- Label from South African single

Single by Bee Gees

from the album Odessa
- B-side: "Melody Fair"
- Released: July 1969 (South Africa)
- Recorded: 15 August, November 1968
- Genre: Country rock, roots rock
- Label: Polydor Atco (Atco Records)
- Songwriter: Barry, Robin & Maurice Gibb
- Producers: Robert Stigwood, Bee Gees

= Marley Purt Drive =

"Marley Purt Drive" is a song recorded by the Bee Gees, It was written by Barry, Robin & Maurice Gibb and released in March 1969 on the album Odessa. It was released in stereo in the United States in January and its mono version was released in the United Kingdom in March. The remastered version of this song was released on 27 February 2009 on Reprise Records.

Originally titled "Marley Purt Drive (Area Code 213)", the song is about a married man in poverty with fifteen children who takes a drive out to Pasadena one Sunday to get some relief from the situation only to return and find he now has twenty more children to look after, thus creating "An orphanage [with] 35 kids.

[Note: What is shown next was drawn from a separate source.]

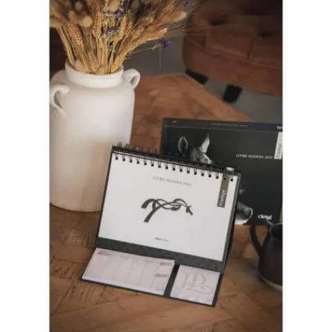 - Il est composé d’une reliure spiralaire métallique et un socle en carton renforcé. Sur la face recto de la page organisation, des photos variées de la cavalière généreusement légendées permettent d’en savoir plus sur la cavalière. A droite de la partie agenda, un joli bloc-notes avec de petites feuilles autocollantes estampillées du monogramme PL, permet de tout noter pour ne jamais rien oublier.
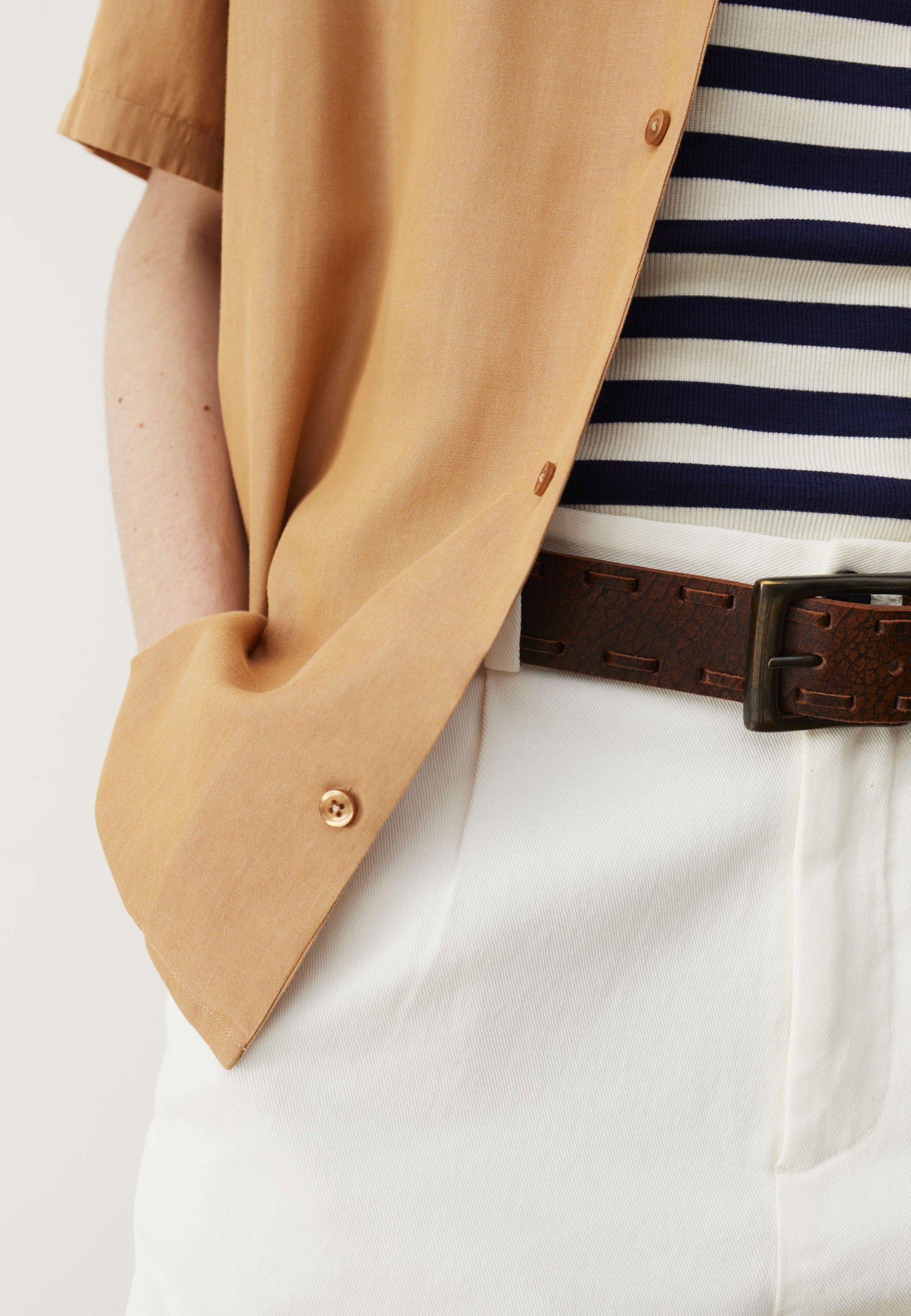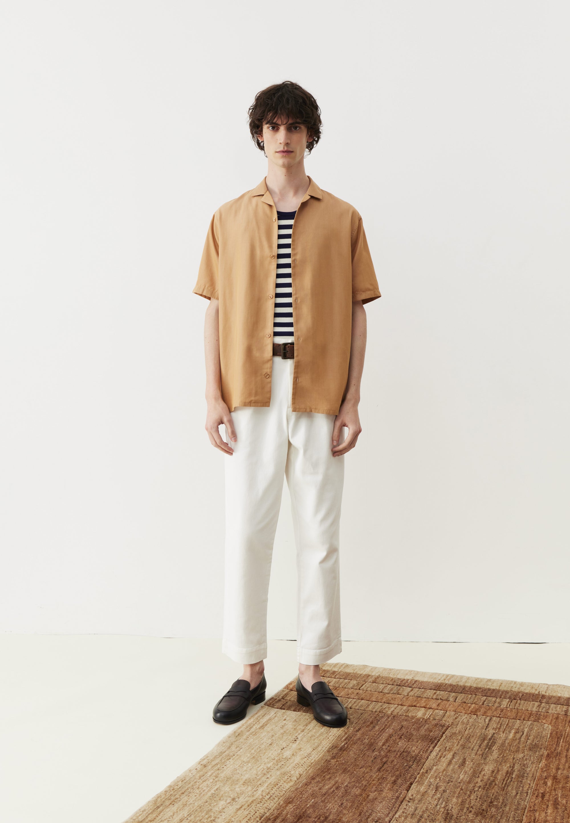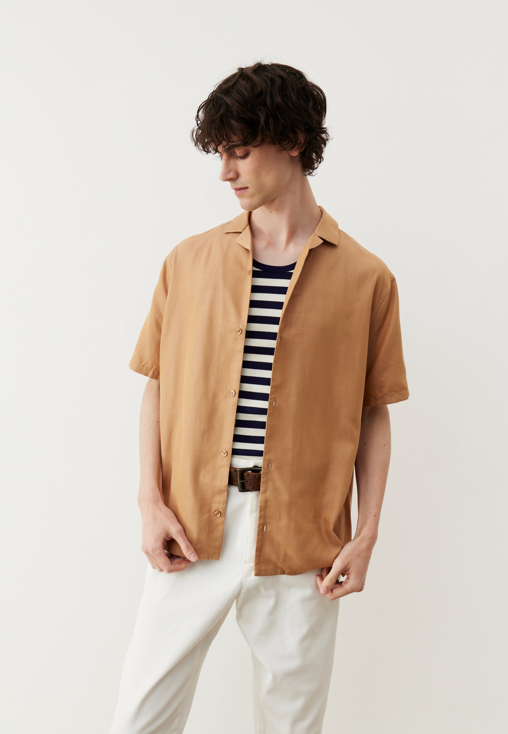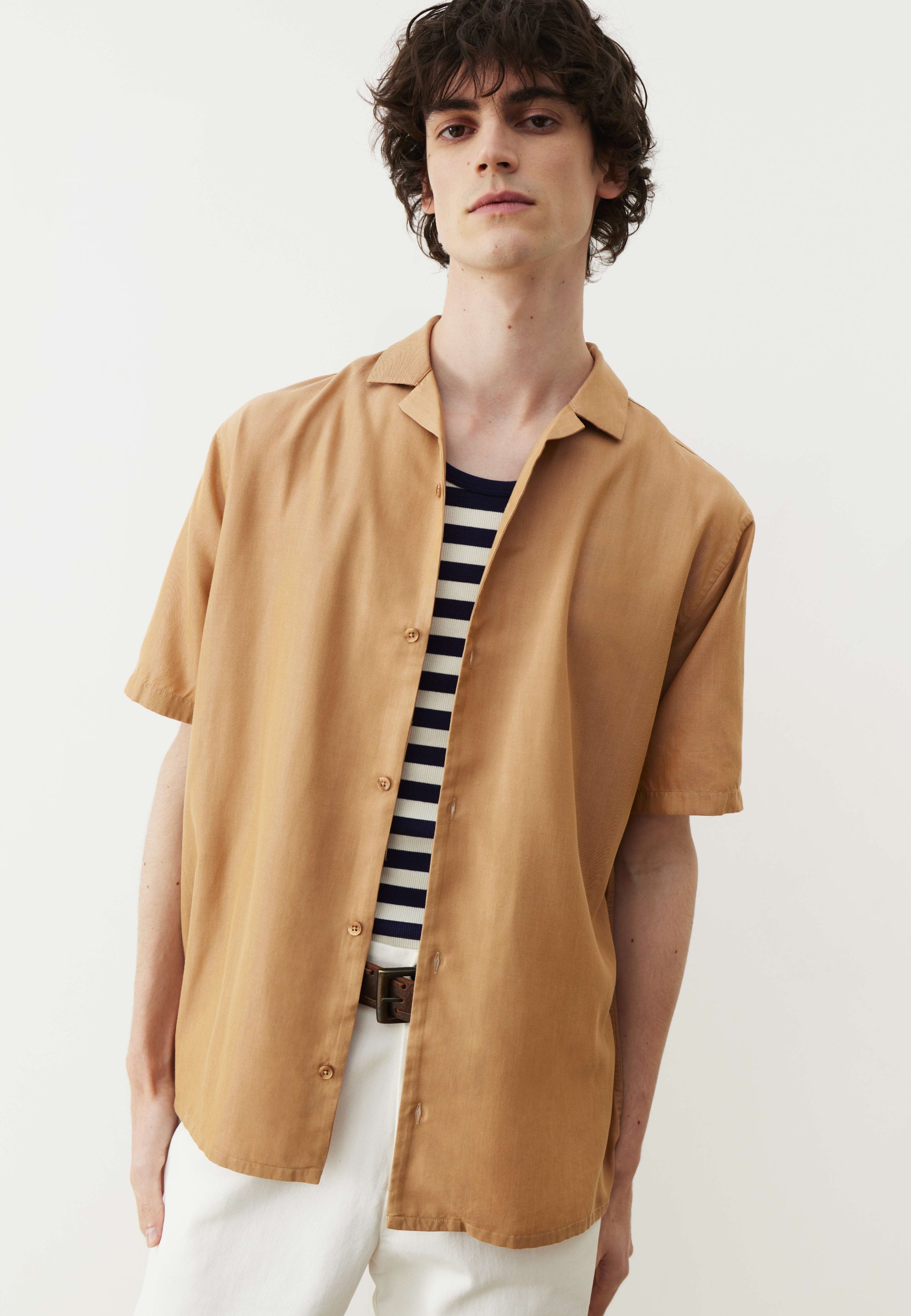 Pas besoin de faire un dessin : pour supporter la chaleur, une chemisette est la tenue la plus adaptée – juste après celle d’Adam. À condition que la coupe soit bien pensée. La nôtre est droite : cela veut dire qu’il y a suffisamment d’aisance pour permettre à l’air de circuler, éviter de transpirer ou de se sentir engoncé. Et pour terminer, on a choisi un col cubain, assez décontracté pour vos balades à la plage, et assez looké pour vos soirées d’été. Si patrón.

==Recording and structure==
For the recording of the song, the basic instrumental line-up of Barry and Maurice Gibb, Vince Melouney and Colin Petersen were joined by bluegrass musician Bill Keith on banjo. This song was recorded in New York City at Atlantic Studios. Two recordings are available, the earlier of these was recorded on August 15 and later appeared on Sketches for Odessa in 2006. The version released on the album was finished at IBC Studios in London in November with the orchestra. Barry later explained the recording of "Marley Purt Drive" in a 24 March 2001 interview with Billboard, "['Marley Purt Drive'] had a country violinist and banjo player on it because we were listening to American country music at that time".

It was released as a single in South Africa in July 1969, backed with "Melody Fair". The song's demo is entitled Alternate Mix on Sketches for Odessa and begins with a false start followed by one count but then goes into an almost identical intro. The mix is not really different, and lyrics are the same.

==Release==
This song, owing something to The Band's 1968 hit "The Weight", later appeared on the charity compilation album called No One's Gonna Change Our World released on December 12, 1969.

On 6 November 1974, they performed the song in Sapporo, Japan during their Mr. Natural tour. In 2009, Barry Gibb performed the song for the rehearsal for the Love and Hope Ball.

==Personnel==
- Barry Gibb – lead vocals, guitar
- Vince Melouney – guitar
- Maurice Gibb – bass guitar, backing vocals
- Bill Keith – banjo
- Colin Petersen – drums
- Robin Gibb – backing vocals

==Cover versions==
- Puerto Rican singer José Feliciano recorded perhaps the best known cover of "Marley Purt Drive". His version was released as a single in the US and Germany on July 19, 1969 on RCA Records. and around the world. The single charted in many countries including the US, Canada, Australia, Brazil and Malaysia where it was a top ten hit
- Bonnie St. Claire released this song as a single in 1969 on Philips Records. The B-side was "Let Me Come Back Home, Mama", a non-Gibb song. Their version was included on The Best Of Bonnie St. Claire (1970).
- Victor Scott covered this song under the title "Fifteen Kids" backed with "Love is All I Have" on Decca Records in 1970. This record was only released in Germany.
- David Frizzell brought out a version on the B-side of "Little Toy Trains" in 1969 on Columbia Records.
- Equipe 84 covered this song under the title "Pomeriggio Ore 6" with unrelated lyrics, but only released in Italy on Dischi Ricordi.
- Lulu released a cover as the first track on her 1970 album New Routes. Her version features guitar work by Duane Allman. She was married to Maurice Gibb at the time.
- Jean Bouchéty's version appeared on his 1971 album The Rhythms Sounds And Melodies Of Jean Bouchéty (1971).

- Nash Chase's version was released on his self-titled album in 1970.

- July Paul covered this song in 2021 on Goshawk 66 Records. His version was released as a single in 2021, on the album Best Summer Of My Life in 2013 and also on the album Summer Feeling in 2016.